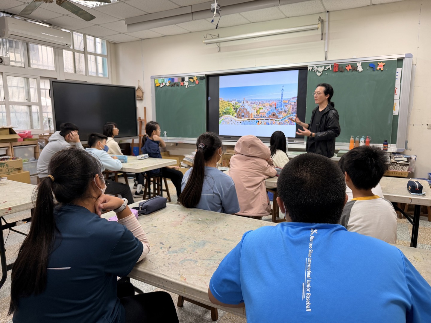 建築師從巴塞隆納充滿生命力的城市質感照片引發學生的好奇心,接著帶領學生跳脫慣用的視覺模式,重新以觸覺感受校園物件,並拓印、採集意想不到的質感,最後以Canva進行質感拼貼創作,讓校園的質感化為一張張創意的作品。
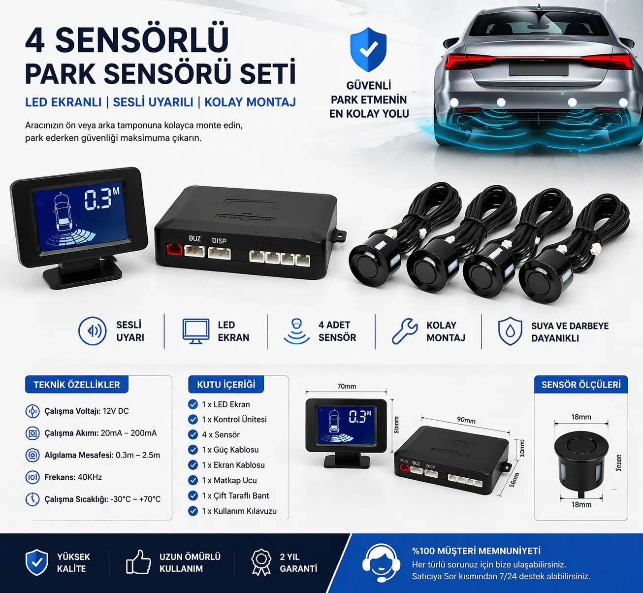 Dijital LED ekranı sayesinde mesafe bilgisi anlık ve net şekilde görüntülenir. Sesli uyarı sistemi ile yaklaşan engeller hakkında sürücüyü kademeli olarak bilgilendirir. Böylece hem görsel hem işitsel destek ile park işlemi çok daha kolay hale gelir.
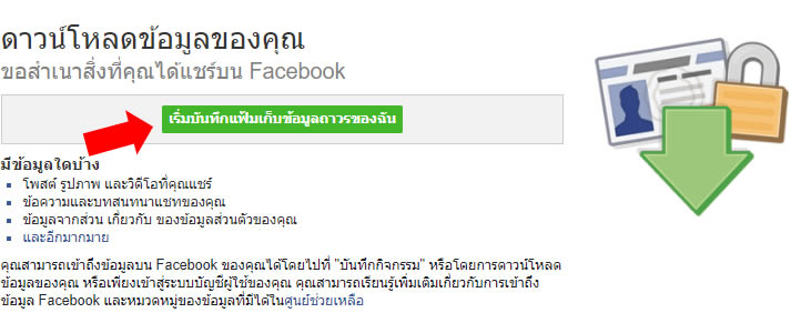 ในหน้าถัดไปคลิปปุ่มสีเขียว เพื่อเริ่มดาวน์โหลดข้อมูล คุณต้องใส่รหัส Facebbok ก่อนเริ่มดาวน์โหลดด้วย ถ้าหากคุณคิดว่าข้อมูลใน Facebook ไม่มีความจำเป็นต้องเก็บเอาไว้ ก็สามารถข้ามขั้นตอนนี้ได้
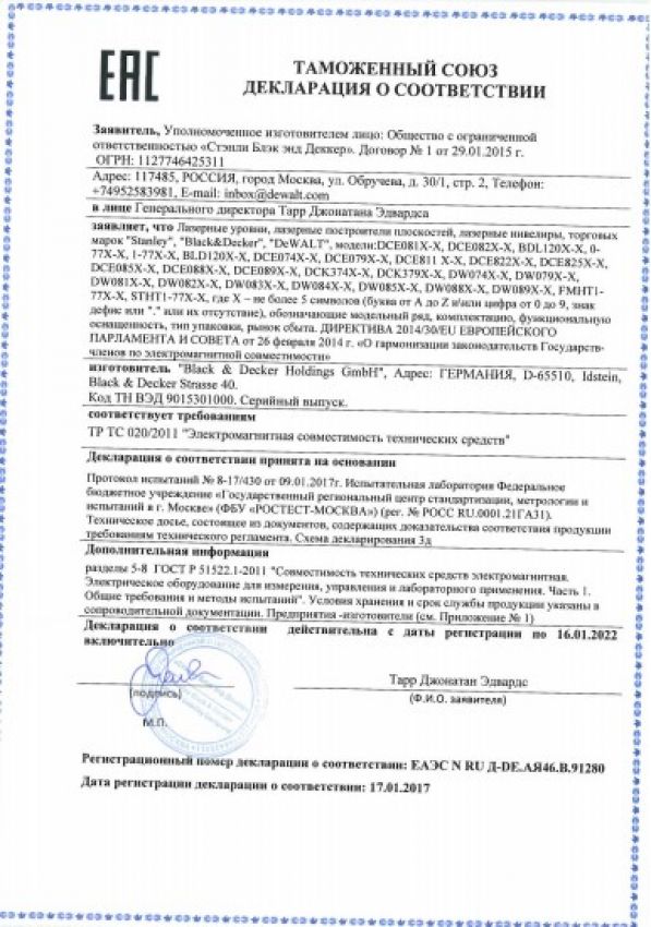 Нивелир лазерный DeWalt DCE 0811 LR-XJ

...

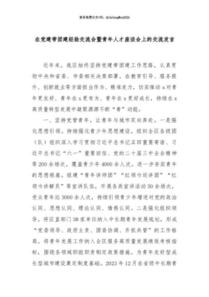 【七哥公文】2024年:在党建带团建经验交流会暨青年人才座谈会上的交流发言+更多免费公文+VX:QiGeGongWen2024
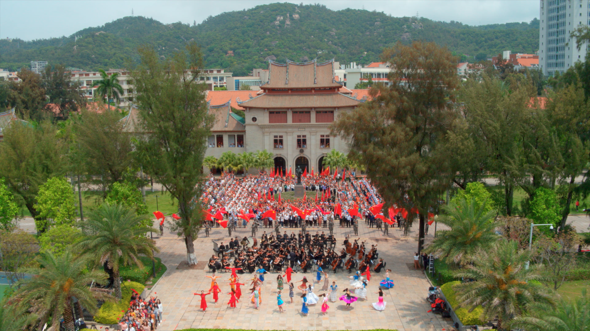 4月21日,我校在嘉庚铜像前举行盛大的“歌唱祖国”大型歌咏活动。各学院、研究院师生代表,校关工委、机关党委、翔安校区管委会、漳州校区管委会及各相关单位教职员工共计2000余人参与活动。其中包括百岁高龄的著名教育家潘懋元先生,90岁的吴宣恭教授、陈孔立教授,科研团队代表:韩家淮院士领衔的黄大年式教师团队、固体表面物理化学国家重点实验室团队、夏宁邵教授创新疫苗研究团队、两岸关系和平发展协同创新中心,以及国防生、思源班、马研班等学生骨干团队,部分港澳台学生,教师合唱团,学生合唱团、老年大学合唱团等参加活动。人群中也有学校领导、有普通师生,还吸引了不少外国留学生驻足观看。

--- Exercise brief ---
In the entries above, every line from the line with "建築師從巴塞隆納充滿生命力的" to the line with "Нивелир лазерный DeWalt DCE 0811 LR-XJ" is to be printed exactly, with both ends included and pictures excluded.

--- Task output ---
 建築師從巴塞隆納充滿生命力的城市質感照片引發學生的好奇心,接著帶領學生跳脫慣用的視覺模式,重新以觸覺感受校園物件,並拓印、採集意想不到的質感,最後以Canva進行質感拼貼創作,讓校園的質感化為一張張創意的作品。
 Dijital LED ekranı sayesinde mesafe bilgisi anlık ve net şekilde görüntülenir. Sesli uyarı sistemi ile yaklaşan engeller hakkında sürücüyü kademeli olarak bilgilendirir. Böylece hem görsel hem işitsel destek ile park işlemi çok daha kolay hale gelir.
 ในหน้าถัดไปคลิปปุ่มสีเขียว เพื่อเริ่มดาวน์โหลดข้อมูล คุณต้องใส่รหัส Facebbok ก่อนเริ่มดาวน์โหลดด้วย ถ้าหากคุณคิดว่าข้อมูลใน Facebook ไม่มีความจำเป็นต้องเก็บเอาไว้ ก็สามารถข้ามขั้นตอนนี้ได้
 Нивелир лазерный DeWalt DCE 0811 LR-XJ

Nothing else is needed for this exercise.